If you plan to accumulate the wetter pieces and then dry them for a few days to obtain the correct MC, again you would want to sort them out before planing. Drying planed lumber just has too many pitfalls.

COST TO BENEFIT. The inline meter is expensive. However, a large operation will reduce defects and call-back repairs, so they can easily justify the expenses. 

Further, because you measure every piece, you know the moisture content at the time of processing, which will help should someone file a complaint. It is surprising how much damage can result from poor storage prior to sale or installation.

IMPROVE MC. The inline meter, by measuring every piece, allows you to determine the average MC of a load or even individual packages, of lumber. In addition, the meter will tabulate the variation of moisture in a load or package. 

You can analyze how your kiln operation is doing, or you can analyze how an individual supplier is doing. A key point is that you do not want to attack a supplier, but rather would work with the supplier that has poor moisture to improve their operation. 

It is surprising how many kilns operations do not consider carefully the needs of their individual customers; they can change if they know what is not acceptable.

CALIBRATION. The common inline meter is measuring an electrical property of the lumber as it goes through an electric field. When you set up the meter for a run, you need to tell the meter what the density of the wood is. The meter and its computer then figure out how much disturbance the electric field has due to the wood and knows that additional disturbance is due to moisture. 

The good news is that the temperature of the wood is not an issue with the meter, but wood density differences do create an “error” that must be appreciated.

Any wet pieces should be double checked with a pin-type moisture meter, as they could actually have more wood (higher density) than more water. Also, there is a natural variation in wood density from species to species, so it is necessary to recalibrate for each species.

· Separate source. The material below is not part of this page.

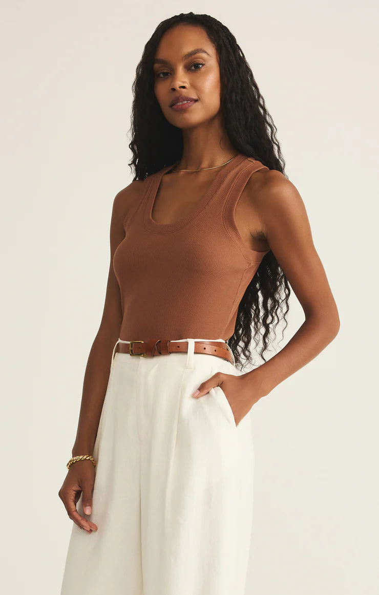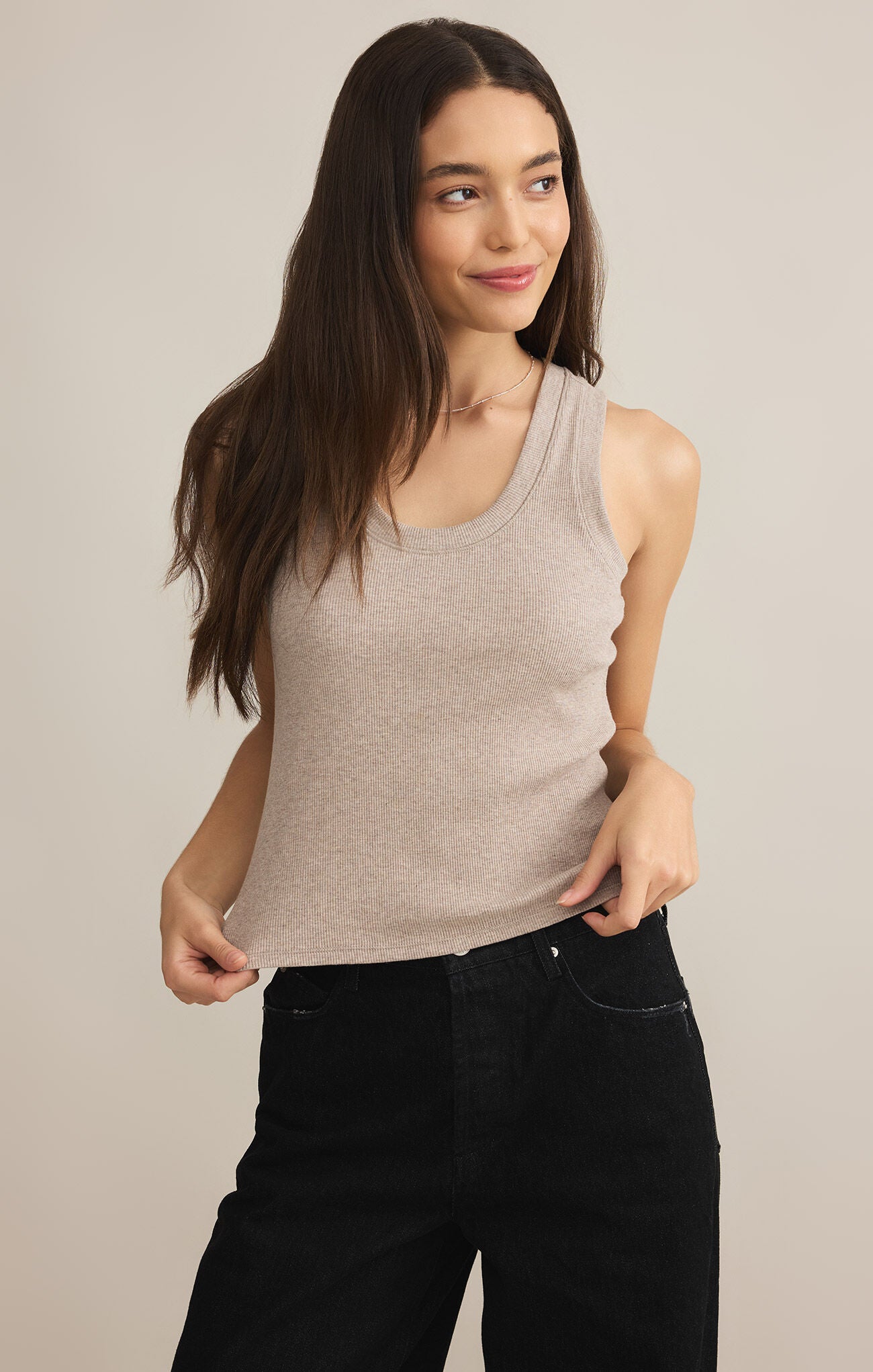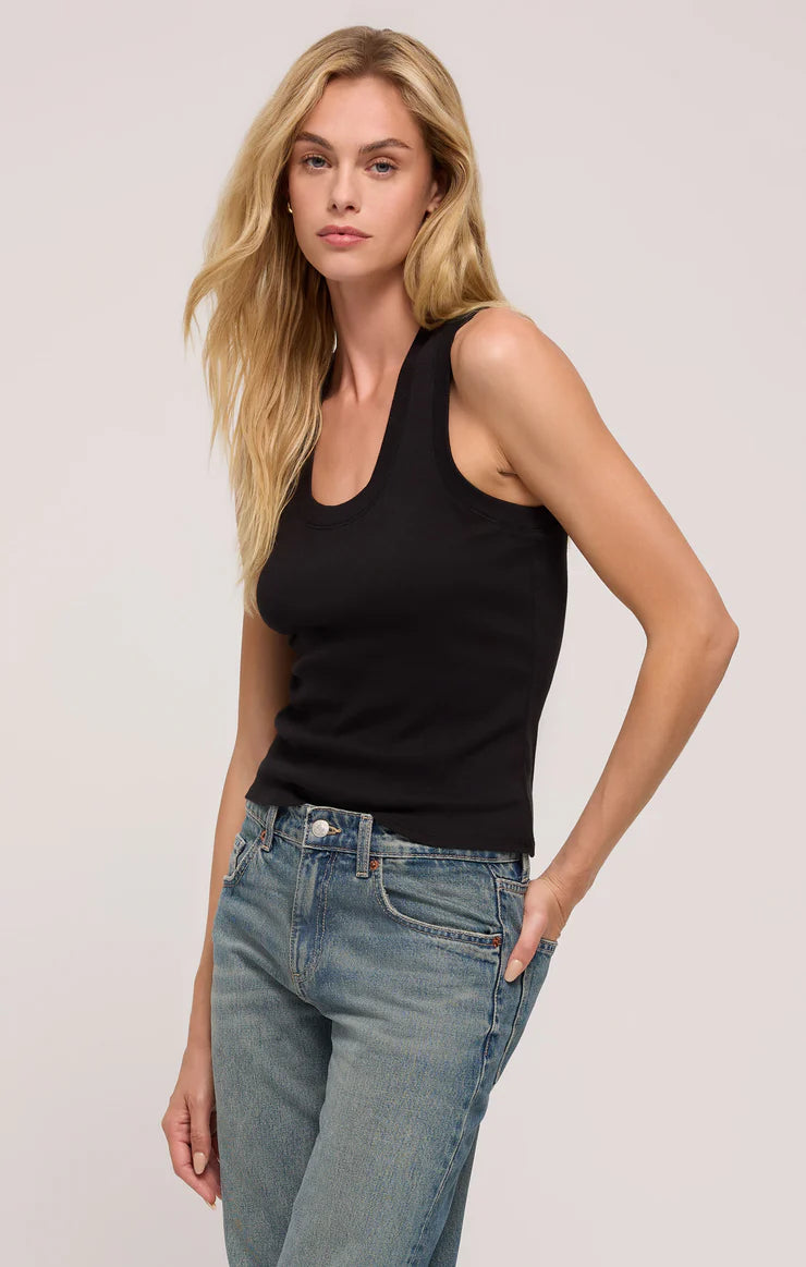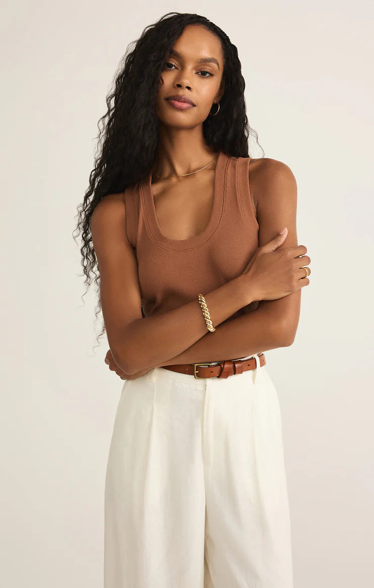 One of our most popular Essential tanks, made of our softly textured feather rib fabric, is a must-have whether worn on its own or as a fitted layer. We love this basic bra-friendly tank tucked or untucked.

My suggestion is to assume that a pin meter with insulated needles drive 1/4 of the lumber’s thickness gives an accurate reading — an assumption that is very close to the truth. Maybe measure 10 pieces and then send the pieces through the inline pinless meter and teach the inline meter what reading gives what MC. You might also check calibration for 4/4 versus 6/4 to 8/4. Most of the time, if the meter probes are kept clean, this initial calibration will be good for years unless the wood changes. 

Appreciate that the pin meter also measures an electrical property which is related to MC, so meters give an estimate. The pin meter is not sensitive to species or thickness, but the wood temperature is a factor.

CASE HISTORY. I had one client making doors. In the wintertime, they average about 100 recalls. They put in an inline meter and were able to reduce the wintertime recall to three. They then had me work with their main supplier that had kilns to improve their kiln drying.

BRAND. There are several inline meters in use. My suggestion is to ask around and then visit or talk in detail to the correct user to find out how it works, improvements, maintenance, and so on. I have seen some meters that were inexpensive and junk. The meter manufacturer should be able to give you some referrals.